=== BRIEF ===
Taking the entries below, transcribe only the lines starting with the one with "Gold-Plated Stainless Steel" and going on through the one with "这是Florent Champigny的另一个伟大实现。 灵感来自于DrawerLayout的顶级酒吧(从ActionBar", exactly as written, without the pictures.

=== SUPPLIED RECORDS ===
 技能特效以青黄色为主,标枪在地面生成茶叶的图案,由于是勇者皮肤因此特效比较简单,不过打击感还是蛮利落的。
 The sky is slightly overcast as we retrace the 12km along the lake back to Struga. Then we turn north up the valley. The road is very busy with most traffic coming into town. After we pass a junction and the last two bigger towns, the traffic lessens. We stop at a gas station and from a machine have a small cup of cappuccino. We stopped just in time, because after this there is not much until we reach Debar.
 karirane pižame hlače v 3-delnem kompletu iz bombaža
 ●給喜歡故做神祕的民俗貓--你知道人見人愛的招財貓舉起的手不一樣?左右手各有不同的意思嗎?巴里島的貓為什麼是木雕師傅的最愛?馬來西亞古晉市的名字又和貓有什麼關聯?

* * *

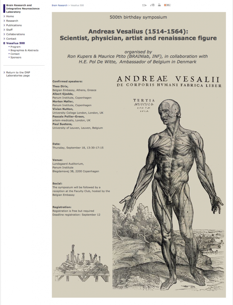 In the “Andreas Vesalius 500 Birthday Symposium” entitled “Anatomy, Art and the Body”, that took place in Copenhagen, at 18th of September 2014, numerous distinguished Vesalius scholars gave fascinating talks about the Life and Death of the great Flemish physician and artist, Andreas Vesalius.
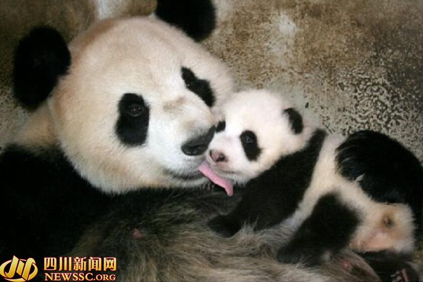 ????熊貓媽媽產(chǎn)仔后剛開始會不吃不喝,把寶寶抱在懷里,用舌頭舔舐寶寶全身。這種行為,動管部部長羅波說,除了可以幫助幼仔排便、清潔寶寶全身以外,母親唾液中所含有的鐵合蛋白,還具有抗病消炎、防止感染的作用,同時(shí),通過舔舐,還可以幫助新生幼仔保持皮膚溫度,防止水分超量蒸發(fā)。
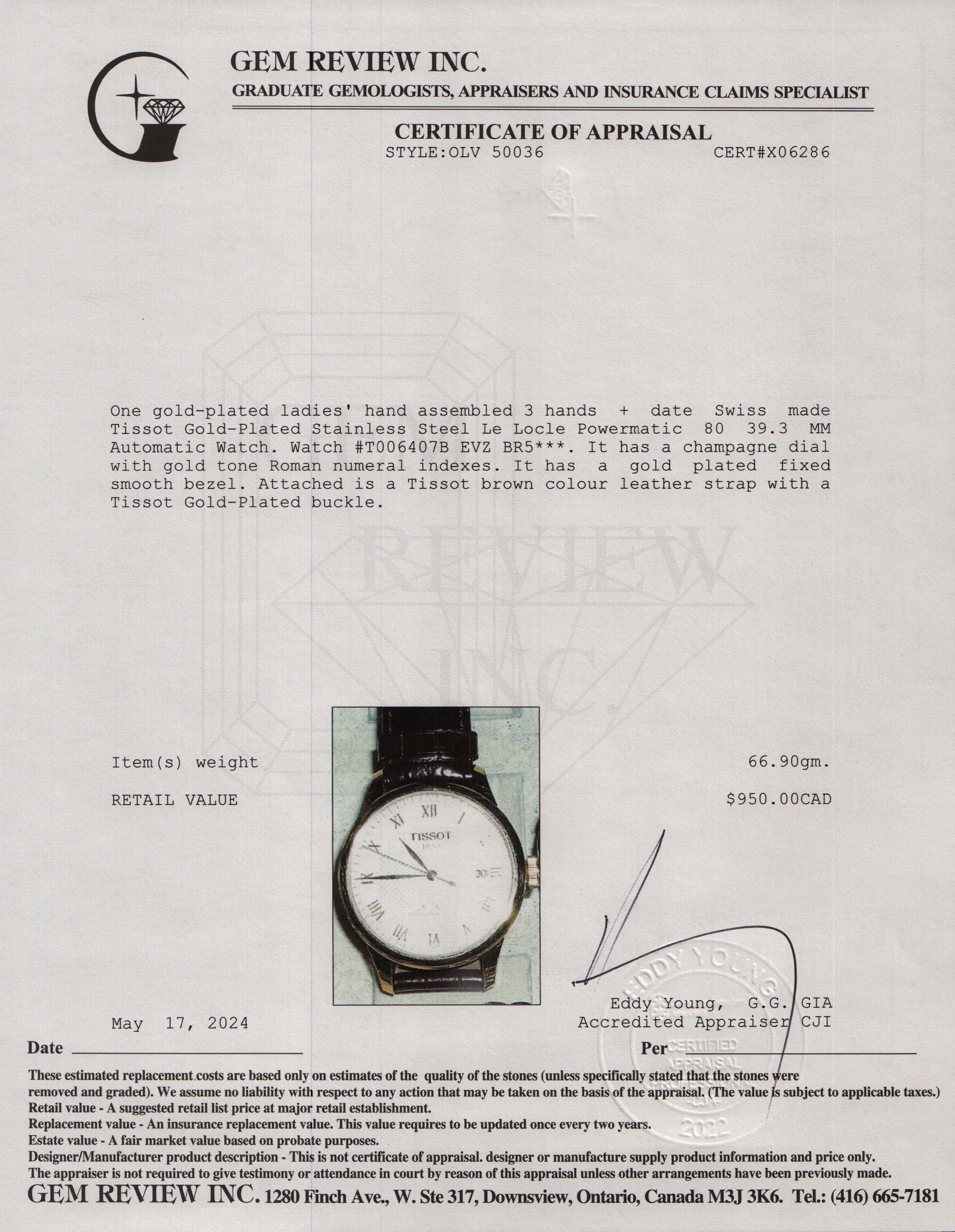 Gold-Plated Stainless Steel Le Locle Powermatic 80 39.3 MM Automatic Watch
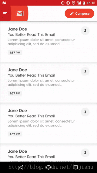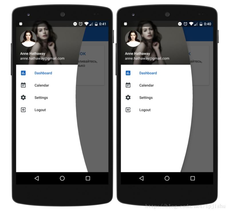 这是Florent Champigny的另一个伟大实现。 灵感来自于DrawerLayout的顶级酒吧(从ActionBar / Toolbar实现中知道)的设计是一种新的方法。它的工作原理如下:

=== ANSWER BELOW ===
 Gold-Plated Stainless Steel Le Locle Powermatic 80 39.3 MM Automatic Watch
 这是Florent Champigny的另一个伟大实现。 灵感来自于DrawerLayout的顶级酒吧(从ActionBar / Toolbar实现中知道)的设计是一种新的方法。它的工作原理如下:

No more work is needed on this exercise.